[[ Material for this exercise, beginning ]]
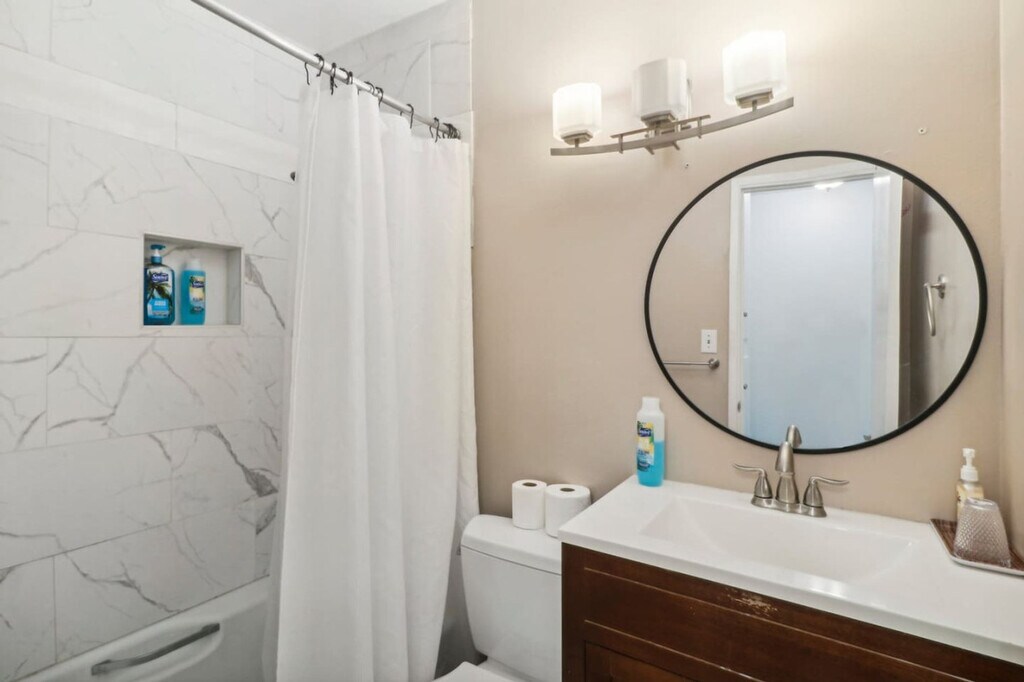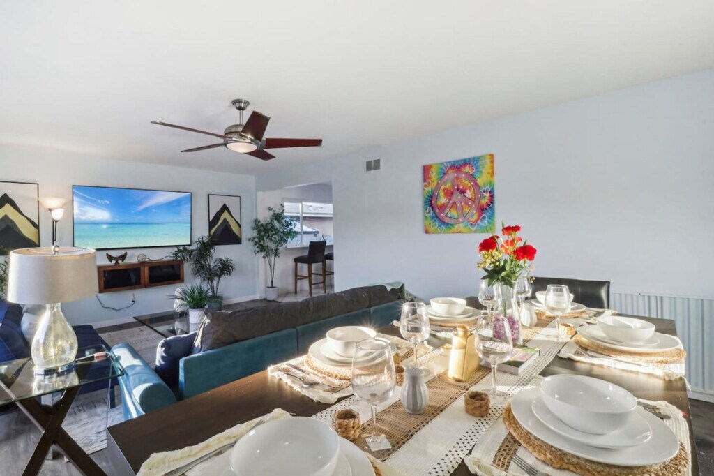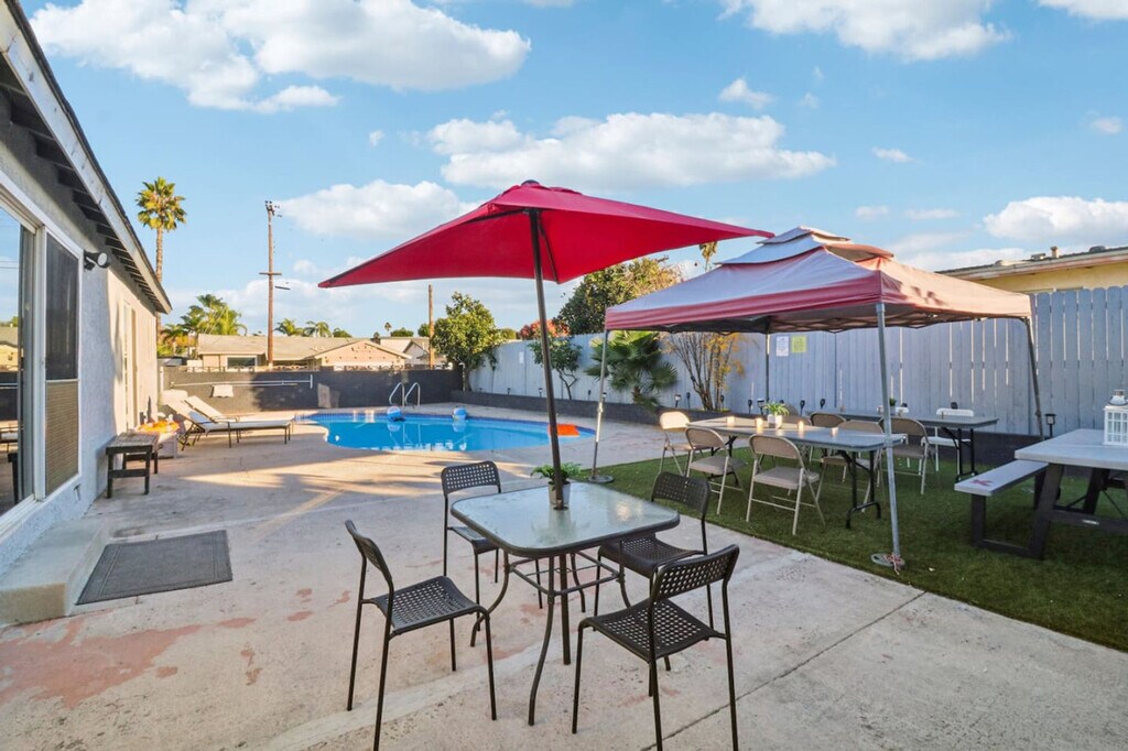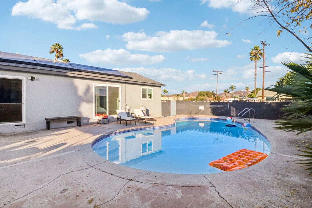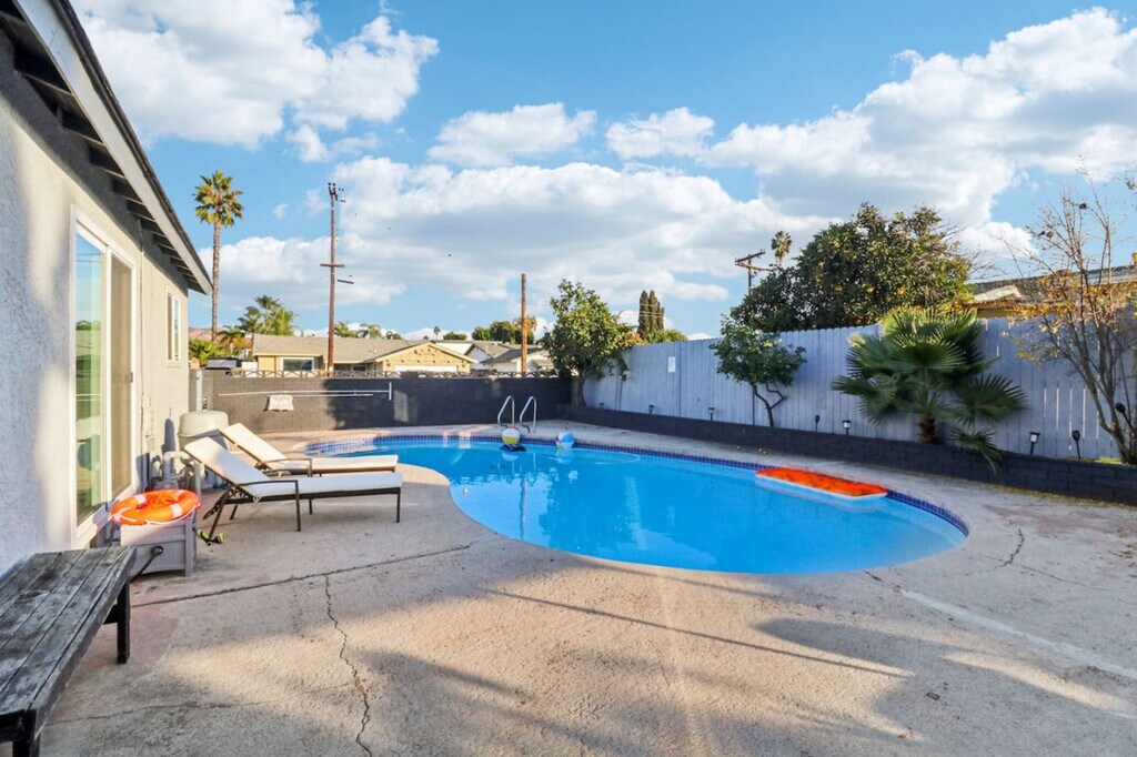 Welcome to this modern 3-bedroom, 1226 sqft house in El Cajon, where you can feel at home. This property features a pool, parking for up to 4 vehicles in the garage and driveway, and is pet-friendly. Conveniently located just 5-10 minutes from shopping centers and local restaurants, this home offers both comfort and accessibility. The kitchen is equipped with all modern appliances, including a coffee machine, and essentials like coffee, cooking oil, sugar, and salt. Enjoy your meals at the dining tables and chairs available both inside and outside the house. The air-conditioned living area features flat-screen smart TVs with cable and streaming services, providing ample entertainment options from the comfort of snug couches. Pets are welcome in this home. Parking is available for up to 4 vehicles in the garage and driveway. For those traveling with infants, a baby crib is provided. Early check-in or late check-out is available for a small fee, and guests can be reimbursed for refilling the propane tank for the gas grill. Situated in El Cajon, this home is just a short drive from shopping centers and local restaurants, making it easy to explore the area. For accurate distances to specific locations, use Google Maps with 'East Lexington Avenue El Cajon, CA 92019'. This property has a strict no-noise policy to avoid disturbing neighbors. Any noise violations after 9 PM may result in a $1000 penalty. Unauthorized guests or pets will incur a $100 per night penalty. Late check-out without prior approval will be fined twice the nightly rate. Ensure all windows and doors are locked when leaving the property. Report any damages or issues immediately. Dispose of trash in provided bins to avoid overflowing. Avoid putting trash or toilet paper in the toilet bowls to prevent plumbing issues, which can result in a bill of $300-$500. No DJ is allowed, with a $1000 penalty for violations. The HOA imposes fines for violations, especially regarding parking, noise, and activities. For remote work, this home offers a choice of desks and chairs both inside and outside, along with 500Mbps Wi-Fi, making it easy to host online meetings or share large files. A laptop computer is not included.
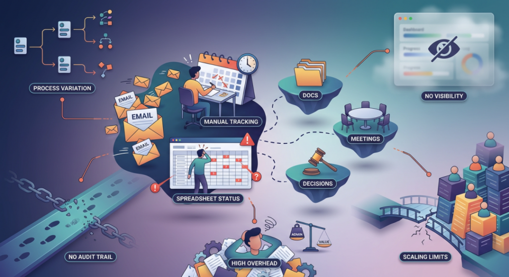 - 分散文档:提案资料、审查和决策最终散落在邮件、共享驱动和会议记录中
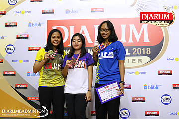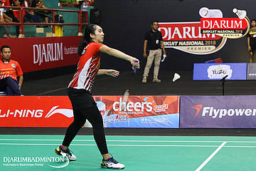 Melsya Nur Fitriani (PB Victory Bogor, Jaktim) menyambut shuttlecock
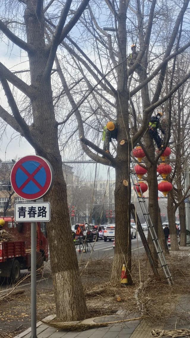 北京怀柔:青春路银杏树修剪进行中,这份出行提示请收好
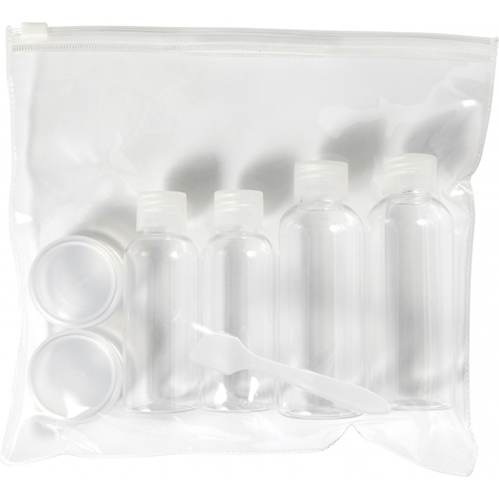Tartalma: 2 db 100 ml-es, 2 db 50 ml-es és 2 db 10 ml-es flakon. PETG. Emblémázás: Szitanyomás, Tamponnyomás, UV nyomtatás
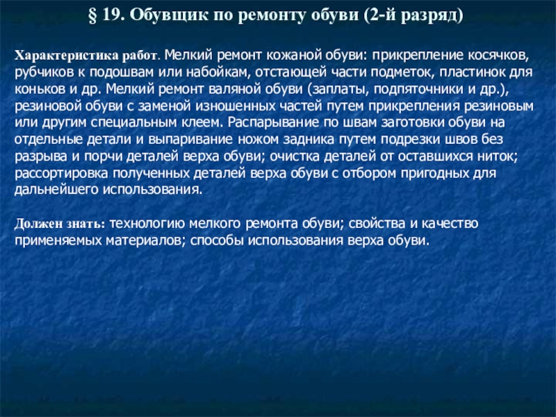 Слайд 5§ 19. Обувщик по ремонту обуви (2-й разряд)
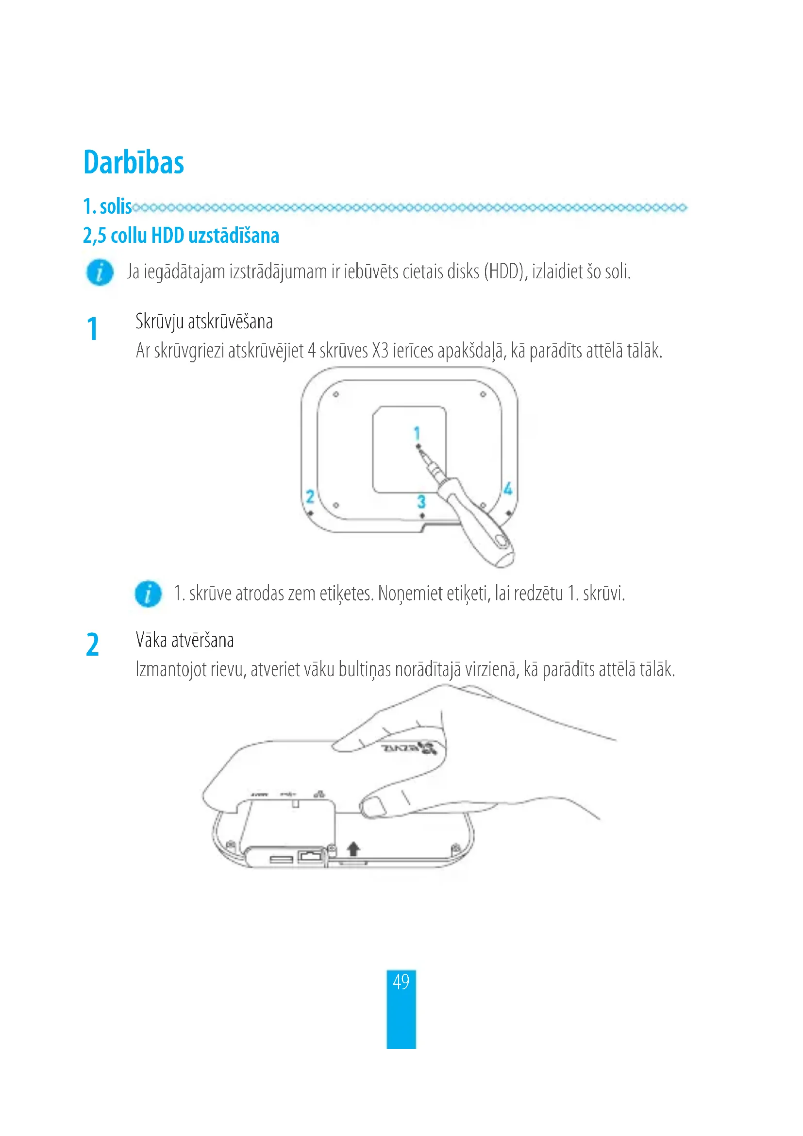 Skrūvju atskrūvēšana Ar skrūvgriezi atskrūvējiet 4skrūves X3 ierīces apakšdaļā, kā parādīts attēlā tālāk. 1.skrūve atrodas zem etiķetes. Noņemiet etiķeti, lai redzētu 1.skrūvi.
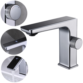 Lavabo batarya kolu sıcak atmosphydrohydropower gri/beyaz pirinç musluk tasarımı ile Modern tek-dijital ekran
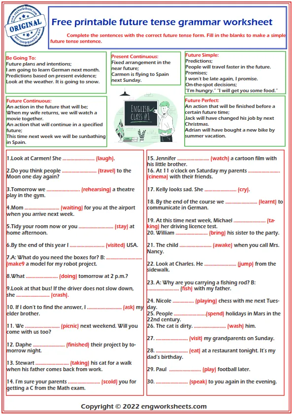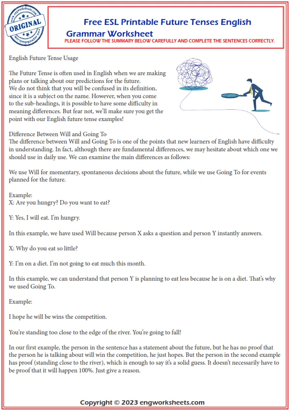 Free ESL Printable Future Tenses English Grammar Worksheets and Exercises
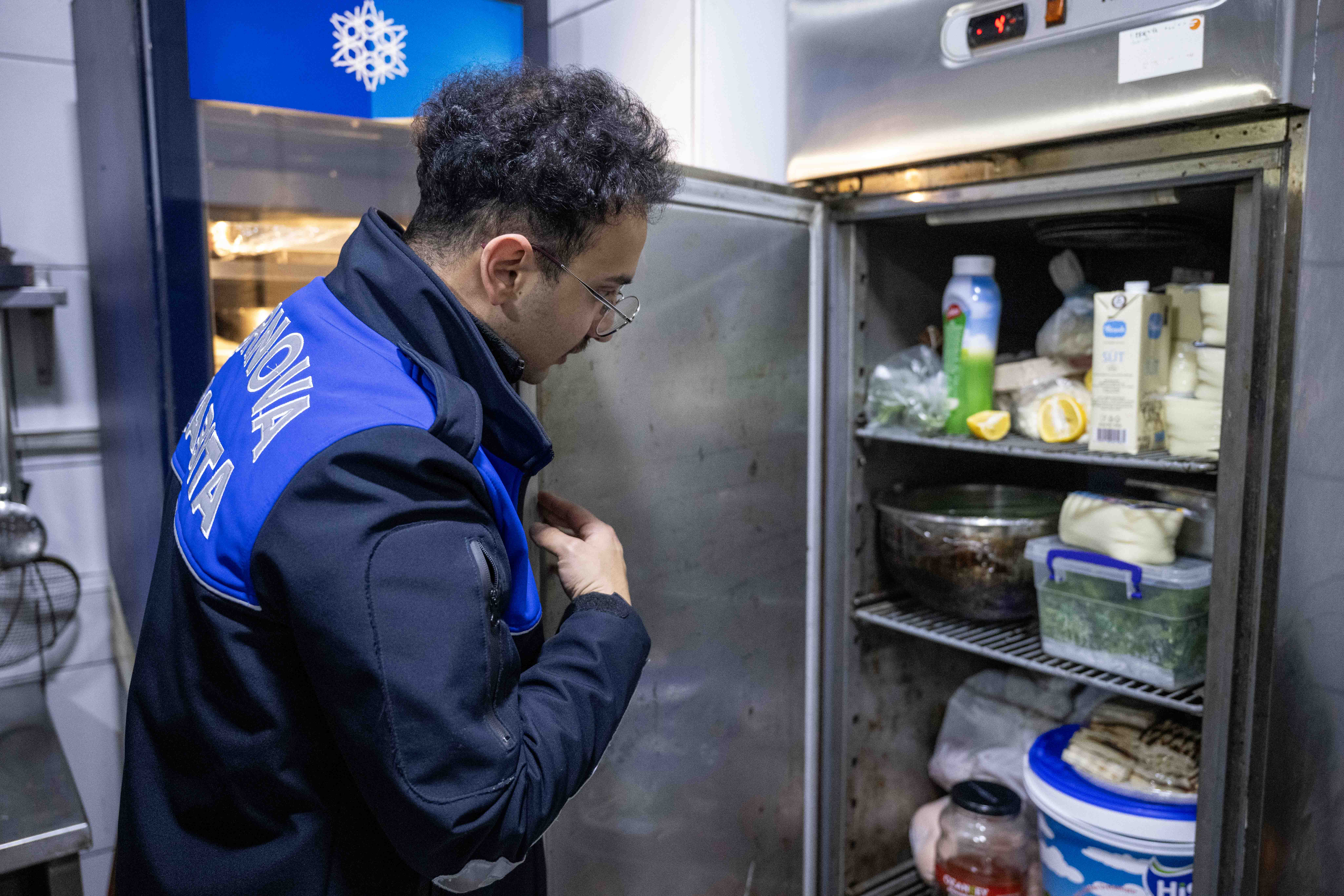 Bornova Belediyesi zabıta ekipleri ve gıda mühendisleri, yılbaşı öncesi işletmelerde hijyen ve ruhsat denetimi gerçekleştirirken.
[[ Material for this exercise, end ]]
- Your assignment:
What are the lines from the one containing "北京怀柔:青春路银杏树修剪进行中,这份出行提示请收好" through the end of the records? Write them out exactly, leaving out the pictures.

- Problem solution:
 北京怀柔:青春路银杏树修剪进行中,这份出行提示请收好
Tartalma: 2 db 100 ml-es, 2 db 50 ml-es és 2 db 10 ml-es flakon. PETG. Emblémázás: Szitanyomás, Tamponnyomás, UV nyomtatás
 Слайд 5§ 19. Обувщик по ремонту обуви (2-й разряд)
 Skrūvju atskrūvēšana Ar skrūvgriezi atskrūvējiet 4skrūves X3 ierīces apakšdaļā, kā parādīts attēlā tālāk. 1.skrūve atrodas zem etiķetes. Noņemiet etiķeti, lai redzētu 1.skrūvi.
 Lavabo batarya kolu sıcak atmosphydrohydropower gri/beyaz pirinç musluk tasarımı ile Modern tek-dijital ekran
 Free ESL Printable Future Tenses English Grammar Worksheets and Exercises
 Bornova Belediyesi zabıta ekipleri ve gıda mühendisleri, yılbaşı öncesi işletmelerde hijyen ve ruhsat denetimi gerçekleştirirken.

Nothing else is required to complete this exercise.